Blog: Artificial Intelligence Helps Neuroscientist Transform Brain Waves into Physical Speech – TechNewsObserver
The medical establishment has long believed that people who lose the ability to speak—from a stroke or from another medical condition—my never fully regain it. A new study, however, suggests there may be a new hope in full rehabilitation that goes beyond traditional physical pathology.
A team of researchers from the University of California (San Francisco) say that technology might soon be able to harness the specific brain activity that produces speech.

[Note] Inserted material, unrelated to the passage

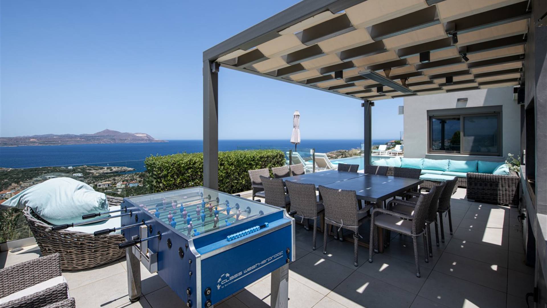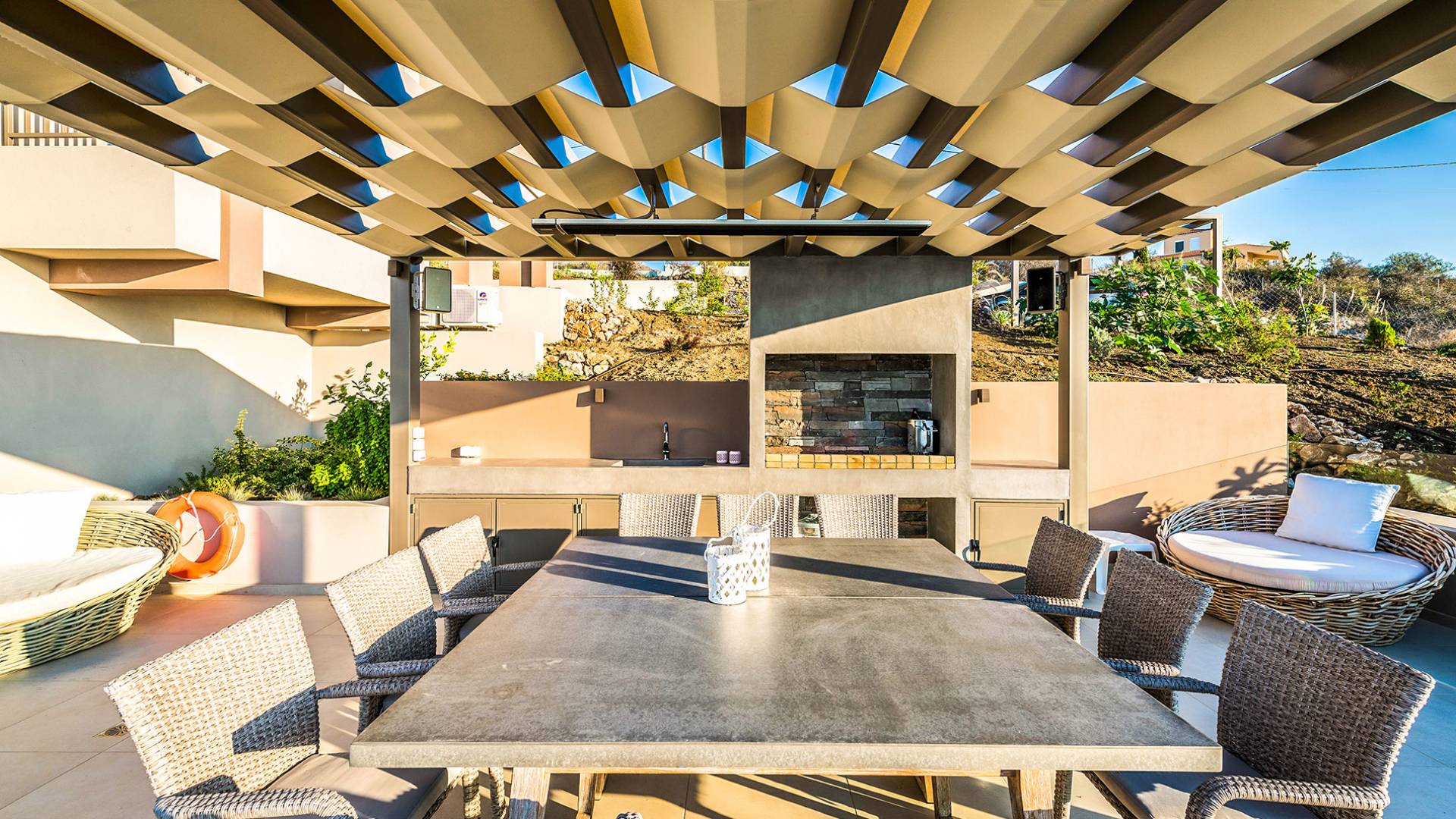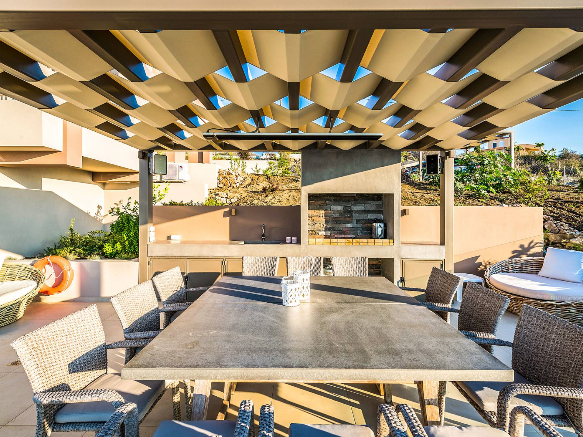 - Fully equipped summer kitchen (BBQ, fridge, sink) and shaded dining area for 12 guests

The scientists implanted electrodes into the brains of some volunteers and were able to decode signals transmitted within cerebral speech centers which could guide a computer-simulated version of the vocal tract—the lips, jaw, tongue, and, of course, larynx—to generate a synthesized speech pattern.

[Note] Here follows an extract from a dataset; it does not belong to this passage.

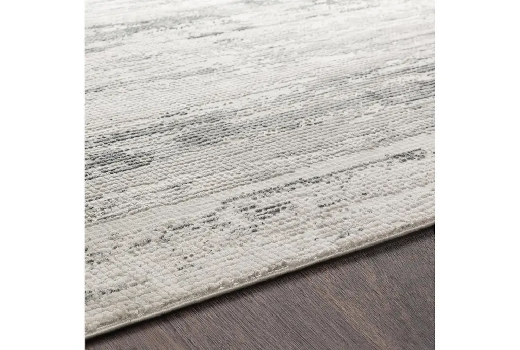 Enhance your indoor living space with the 2'6"X5' Fiber Rug-Modern Shades Of Grey Waterfall by Surya. This low pile, rectangular rug features a gradient design with medium grey, charcoal, light grey, and white tones. Made from a blend of 70% viscose and 30% polyester, it offers a soft and durable surface perfect for high-traffic areas.
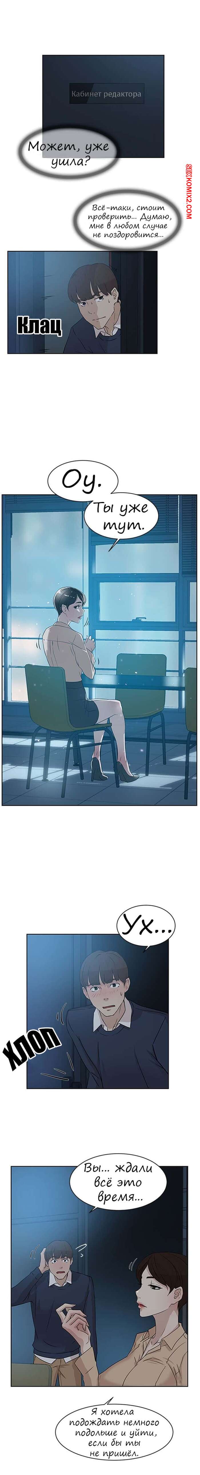Порно комикс Её 4 размер. Части 31 и 32 и 33. Наш герой отправился со своей красоткой подругой в кафе, а затем они оказались на кровати. Но его срочно вызвала редакторша к себе и ему пришлось оставить ее одну и уйти. Редакторша пожелала, чтобы он ее хорошенько отъебал и сразу заставила его лизать ее пизду.

“For the first time, this study demonstrates that we can generate entire spoken sentences based on an individual’s brain activity,” explains lead study authr Edward Chang, in a press release.
And, more importantly, this speech was mostly intelligible, meaning this method could lead to a truly excellent alternative treatment for those with speech issues. Sure, some passages may have been slurred, but the overall result is quite impressive.
The UCSF professor of neurological surgery goes on to say, “This is an exhilarating proof of principle that with technology that is already within reach, we should be able to build a device that is clinically viable in patients with speech loss.”
Lead researcher Gopala Anumanchipalli explains that the breakthrough links brain activity with physical movements in the mouth and throat during speech, instead of associating specific brain signals with acoustics.
The speech scientist notes, “We reasoned that if these speech centers in the brain are encoding movements rather than sounds, we should try to do the same in decoding those signals.”
Finally, UCSF bioengineering student Josh Cartier remarks that this is only the beginning. There is still so much to learn from the study, but it is a very good place to start. For one, he says, “We’re quite good at synthesizing slower speech sounds like ‘sh’ and ‘z’ as well as maintaining the rhythms and intonations of speech and the speaker’s gender and identity, but some of the more abrupt sounds like ‘b’s and ’p’s get a bit fuzzy. Still, the levels of accuracy we produced here would be an amazing improvement in real-time communication compared to what’s currently available.”
The results of this study have been published in the journal Nature.